Die Anleger behalten die Nerven. Donald Trumps Sieg bei der US-Präsidentschaftswahl hat an den Märkten keine großen Turbulenzen ausgelöst. Nach dem ersten Schock ist jetzt der richtige Zeitpunkt für einen Blick auf die Positionierung.

23.11.2016 | 14:33 Uhr

Wird aus dem Wahlergebnis eine neue Marktdynamik entstehen?

Über zwei Jahre lang haben Anleger Bewertungskennzahlen ignoriert und bevorzugt Aktien mit langfristigem Wachstumspotenzial gekauft. Im Fokus standen dabei konjunkturunempfindliche Unternehmen mit geringer Anfälligkeit für einen wirtschaftlichen Einbruch. Diese ausgeprägte Risikoaversion war ungünstig für den substanzwertorientierten Ansatz unseres Investmentteams. Zurückhaltende Szenarien zum US-Wirtschaftswachstum und Sorgen über die Entwicklung der Unternehmensgewinne belasteten viele Titel.

Donald Trumps bevorstehender Einzug ins Weiße Haus hat die Situation verändert. Sein Wahlsieg wird die Rückkehr zu normalen Renditen auf lang laufende Anleihen beschleunigen und den Preisauftrieb verstärken. Beide Tendenzen setzten in den Sommermonaten ein und haben sich seitdem wegen der Aussicht auf eine Umsetzung von Trumps Wahlprogramm verstärkt. Eine sich ändernde Wahrnehmung in Bezug auf die Inflation ist ein starker Katalysator für eine neue Marktdynamik, während die erwartete Verschiebung der Zinsstrukturkurve eine Rotation in puncto Anlagestil ausgelöst hat.

Dieser Übergang bedeutet das Ende für einen Markt der zwei Geschwindigkeiten und dürfte in den nächsten sechs Monaten zu einem Rückgang der Bewertungsabstände führen.

Donald Trumps erste Äußerungen als designierter Präsident stehen in krassem Gegensatz zu seiner populistischen Wahlkampfrhetorik und werden zyklische Aktien dorthin zurückbringen, wo sie hingehören.

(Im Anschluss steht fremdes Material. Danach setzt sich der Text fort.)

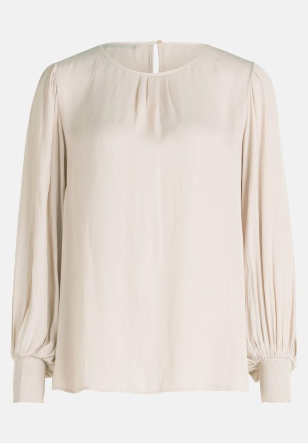 Diese Satin-Bluse begeistert mit ihrer weich fallenden Form und dem femininen Charme. Der Rundhalsausschnitt und die langen Ärmel mit Raffung verleihen ihr eine elegante Silhouette. Die Falten sorgen für einen edlen Look,während die Knopfschlinge hintenein besonderes Detail setzt. In schlichter Uni-Farbe gehalten,lässt sich die Bluse vielseitig kombinieren und eignet sich sowohl für schicke als auch für entspannte Outfits. Ein absolutes Must-have für jeden Kleiderschrank!

Welcher Anlagestil wird gute Performance bringen?

Die Sektorrotation begann am Tag nach Donald Trumps Wahlerfolg. Da die Unsicherheit inzwischen geschwunden ist, können sich die Märkte jetzt wieder auf Bewertungskennzahlen und Fundamentaldaten konzentrieren. Bestimmte Kategorien von Substanzaktien werden davon profitieren, dass unter Trump die Betonung wieder auf Deregulierung liegen wird.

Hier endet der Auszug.